9 Vision Stage Vision always leads us to a high level of partnership which is full of creativity, intuition and fun. As we let go of our fear and guilt we will naturally reveal our true selves which will always be full of creativity, confidence and giftedness. We will have faith in a positive future, rather than dwell on the problems and pain of the past. Life will become easier by releasing our vision and we will increasingly use our intuition to solve problems.
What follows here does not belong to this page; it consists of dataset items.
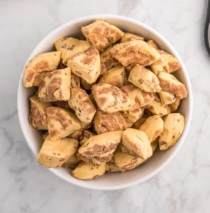 Open the cans of refrigerated cinnamon rolls and separate them. You'll have 16 individual rolls. Cut each cinnamon roll into quarters. This will give you bite-sized pieces to work with.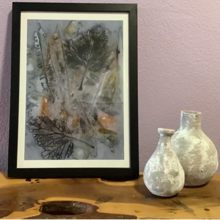 A eco print made with leaves. The maker finds the process very rewarding and she never knows how things will turn out! These are “Giclee“ printed which is a superior quality print process used in fine art as it gives a beautiful clarity of detail. The paper used is also superb quality “cotton smooth”. As framing art is a matter of individual taste these prints are not framed and posted rolled in a cardboard tube protected. Price includes UK Postage.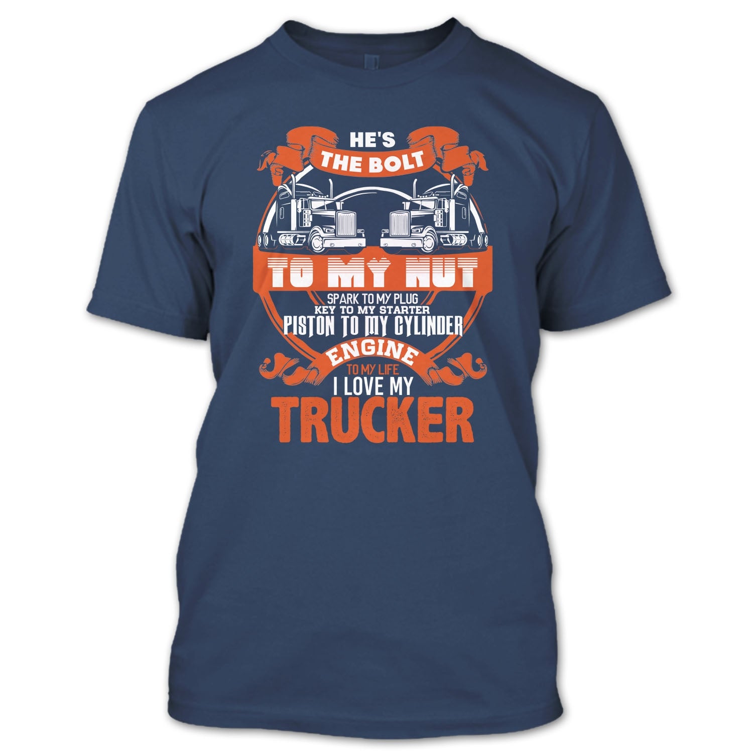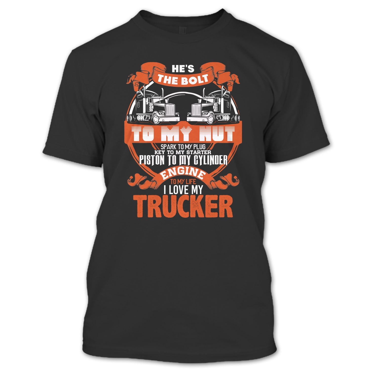He's The Bolt To My Nut T Shirt, I Love My Trucker T Shirt

10 Mastery Stage A very high level of connection where you have healed many of your fears and insecurities that lie between you and your partner. During Vision we will have increasingly embraced our higher mind and states of consciousness and recognize that our capacity for love and creativity originates from an innate spirituality. As we let go of our deepest fears we focus on our life's purpose and experience our true potential in our relationships and our work. We live in the present in a state of love, joy and peace. Learning to trust your spiritual guidance and to live for the moment. Letting-go of your deepest fears and revealing the love that lies beneath. In a state of 'being' rather than 'doing' Of course, achieving such a level of joining in a relationship is not easy. If you are not feeling physically and emotionally close to your partner, then there is still fear of intimacy.

11 True Love Stage If we can gain sufficient self-awareness and access our highest states of consciousness we may realize that everything and everybody is connected in a vast energy field that is called Oneness. We are essentially all one and linked by love. This explains why we suffer so much when we deny this state of connection and create separation in our relationships. It also tells us how we can find true happiness - all we need to do is re-connect and embrace the loving bonds that unite us all. The ultimate goal of a relationship where the bonding is physical, emotional, and spiritual. In this stage of relationship we melt together with our partner and feel ‘Oneness’.